File #2 Page 2: Uphill Climb

Day 15: Fighting For My Children

Quasimodo is an unholy demon. I must send it back to where it belongs. When I found it, it was towering over Modo, looking almost enraged at the mere presence of such a reminder of what it once was. It stepped toward the infant norn with fairly evident malice, intending to cleave the poor, defenceless thing in two. Probably would have, had I not intervened.

“Get AWAY from my SON, you mutant freak!” I screamed, rushing toward it at a speed that rivalled the powerful Mach 5 (sidenote; Go, Speed Racer. Go, Speed Racer, Go, Speed Racer, Go), and leapt at the failed experiment! I cannot say for certain how long we fought, only that he outweighed and outclassed me due to his higher ATP intake, and that I still have scars from his powerful claws. Finally, our battle led us onto the raft, and I saw my chance. I had little room to move, as Quasimodo had me pinned (using his knuckles to hold me down so as not to damage the raft), so I improvised. I gripped him by the neck and toppled back into the water.

Beneath the waves, the fight raged on, and it was a fight Quasimodo was winning. I felt every hit land like a bullet, and was close to blacking out. Bruised, beaten and broken, all I could do at that point was drift away to avoid further pummelling. That, of course, was when I found The Hatch. The Hatch seemed to be some form of airlock, and I quickly realized that my only chance was inside it. Weakly, I grabbed the hatch’s valve and began to open it slowly.

Quasimodo saw what I was doing. He shot toward me with his enhanced legs, closing in very quickly. I had managed to fumble open the airlock and flood it with water, and was opening the other one as my strength returned. I had a plan, a plan that would require only five seconds.


Quasimodo was beginning to pick up the pace.


I had the other airlock door open and was inside.


Quasimodo seemed to recognize me as the destroyer of its life.
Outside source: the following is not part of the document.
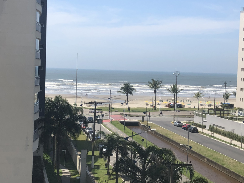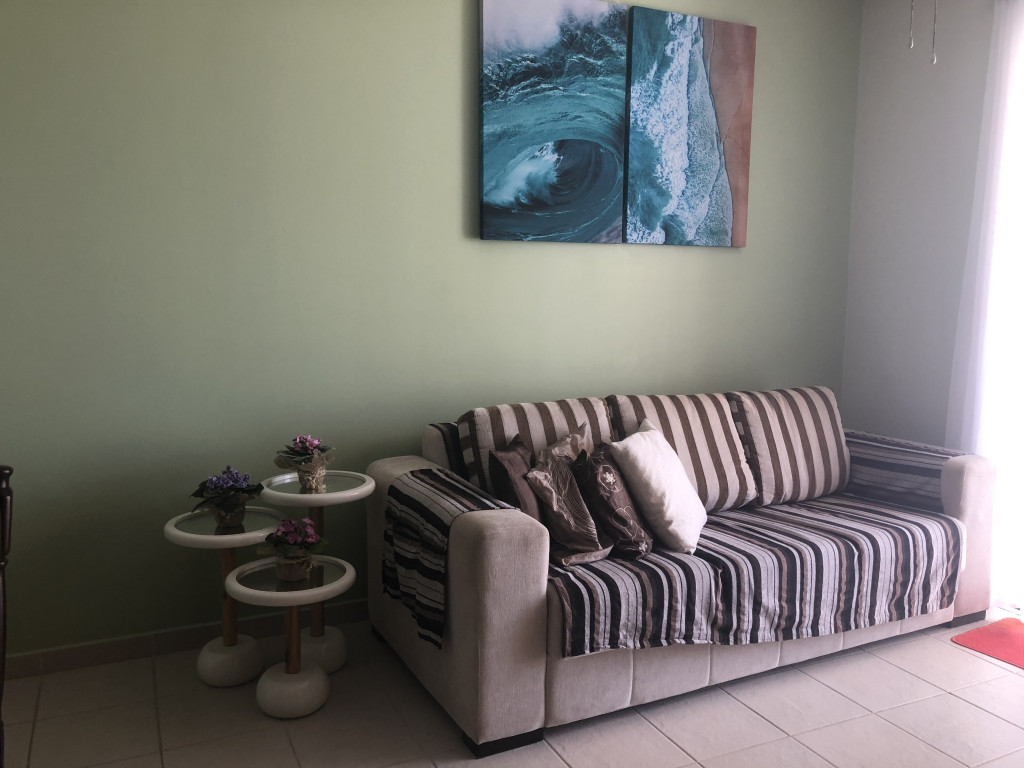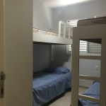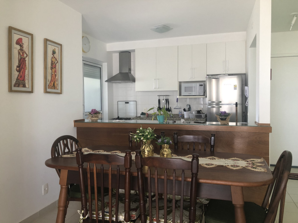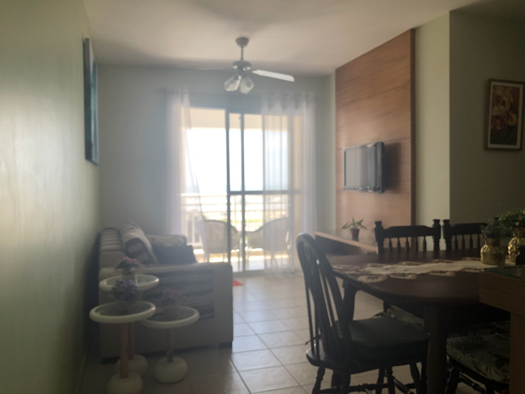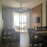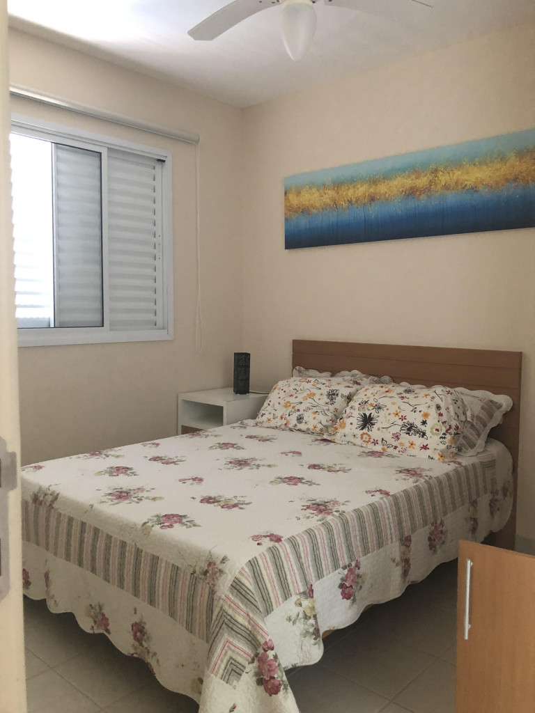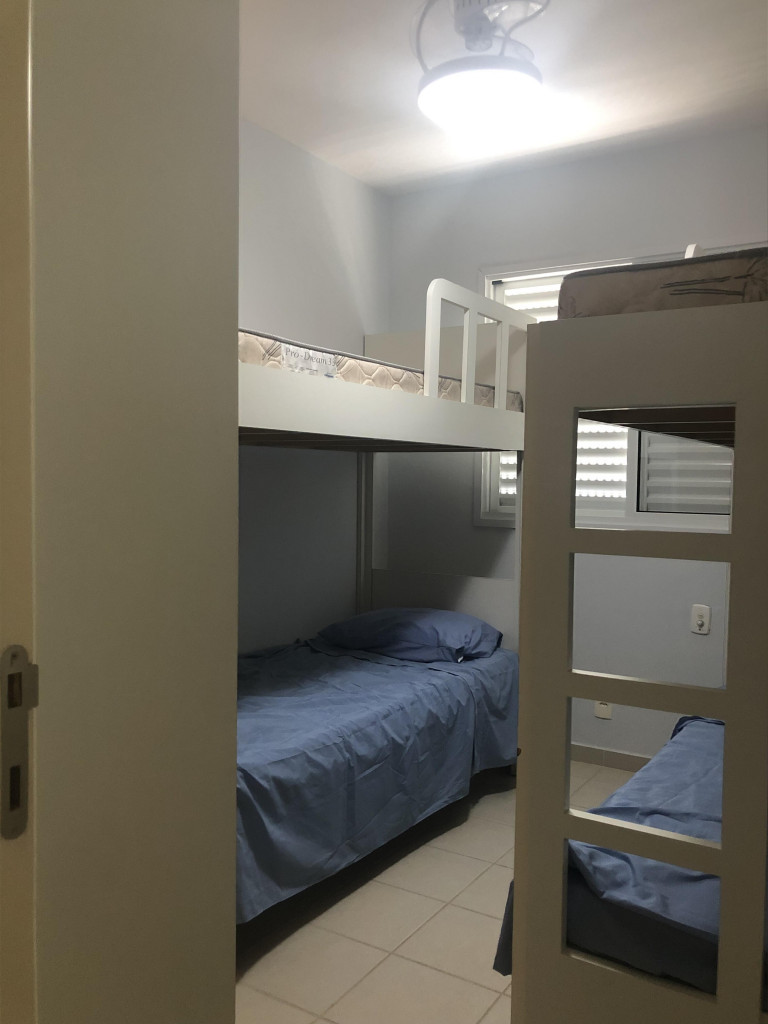 Meu apartamento tem uma suíte e mais um dormitório, um banheiro, sala integrada com a cozinha, área de serviço e varanda com churrasqueira. Tem ventilador de teto em todos os ambientes. Uma vaga de garagem coberta. Na suíte tem uma cama de casal e no outro quarto tem 2 beliches. Acomoda confortavelmente 6 pessoas. Fica a um quarteirão da praia e o condomínio disponibiliza serviço de praia. No condomínio há piscina, mas é preciso trazer atestado médico para usá-la.

It powered into the airlock. My cue.


I slammed the door in its face. Through the glass pane on the airlock, I watched with a mixture of sorrow and relief as the beast I had created slowly surrendered to the lack of oxygen that surrounded it. Quasimodo fell limp against the inner airlock, and I knew it was safe now. Hence, I shut the outer airlock, stepping over the body, and watched as the water drained away. I carried the oxygen-starved, bloated, twisted body to the surface. The least I could do was give my failed son a burial. I mournfully rowed back, reflecting on the past few days here.

It wasn’t Quasimodo’s fault that he turned out the way he did. I simply bred him and remorselessly tore his life apart before he could have one. All he really wanted was his father’s love, and I had attempted to replace him with a “normal” offspring. And now he was dead, by my hand. The ATP Replenishment Experiment is now expressly forbidden for me.